Process
Pairing in Practice
Two Keyboards, Two Mice, One Monitor. This is a little bit of what pairing looks like in practice, constant discussion, trials, rollbacks, re-thinks all looking for a best solution. An all-day coding marathon every day that reduces unwelcome pauses in momentum.
Agreements
Agreements are the lifeblood of pairing. What to work on, how to work it, what to name this, how to solve that, a pair has to agree on everything. If a developer is making decisions without explaining those decisions, without asking for input and without expecting input, then it's not pairing, its soloing. Agreements are everything.

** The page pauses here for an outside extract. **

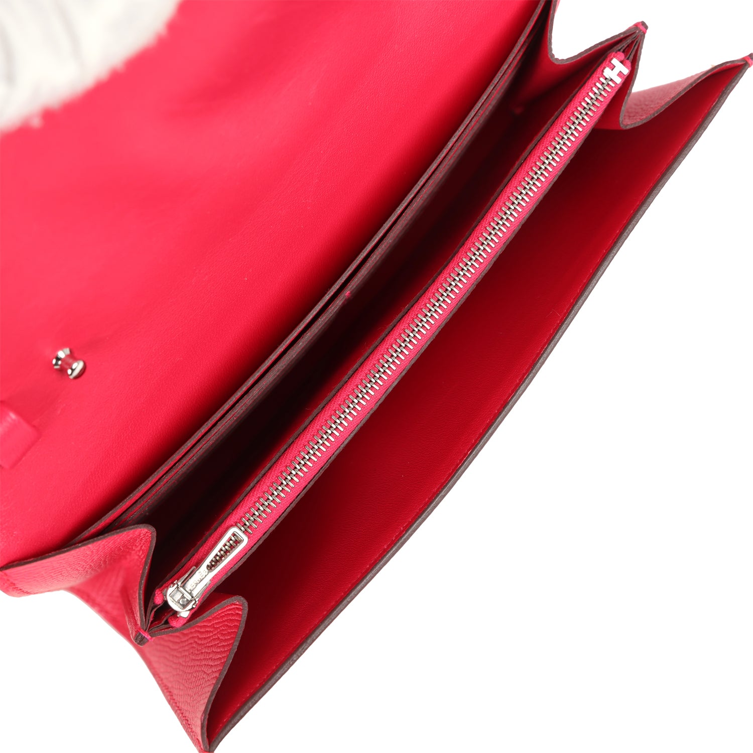 The interior is lined with Rose Extreme leather and two main compartments with six credit card slots and a zippered center compartment with Hermes H lock pull.

Not all agreements are easy! The time it takes to reach an agreement corresponds with the difficulty of the problem you are trying to solve. But that is where pairing starts to shine. With even moderately difficult problems, pairs discuss the different trade-offs in a joint search for the most elegant and simplest solution. Its a discussion of how things work that might necessitate some research, or a different perspective from a co-worker. If you can agree on how things work (not as easy as it sounds) that creates a platform for solving the problem.
Testing Provides Focus
Pairing works well when both developers are thinking about the same narrow problem set at the same time. The way Hashrocket collects and writes requirements leads directly into writing an automated test that describes a very particular user experience. We focus on one user experience at a time, and writing the automated test for that user experience leads us into writing the code necessary to realize that user experience. This is test first development.
Test first development always starts red. It always starts with a failure, and that's always the first problem you need to solve. And then there's another failure, and another failure and another. Each test provides a goal and each failure is the next step towards reaching that goal. This is incredibly important in pairing as it provides the focus for the pair to think about the same problem at the same time. Without it, each developer will naturally start thinking about different aspects of the system and different use cases. When we lose focus, we lose momentum. Test first development helps guide a pair from the first step to the last and when you're done you have a green test, code to deliver and a victory to celebrate.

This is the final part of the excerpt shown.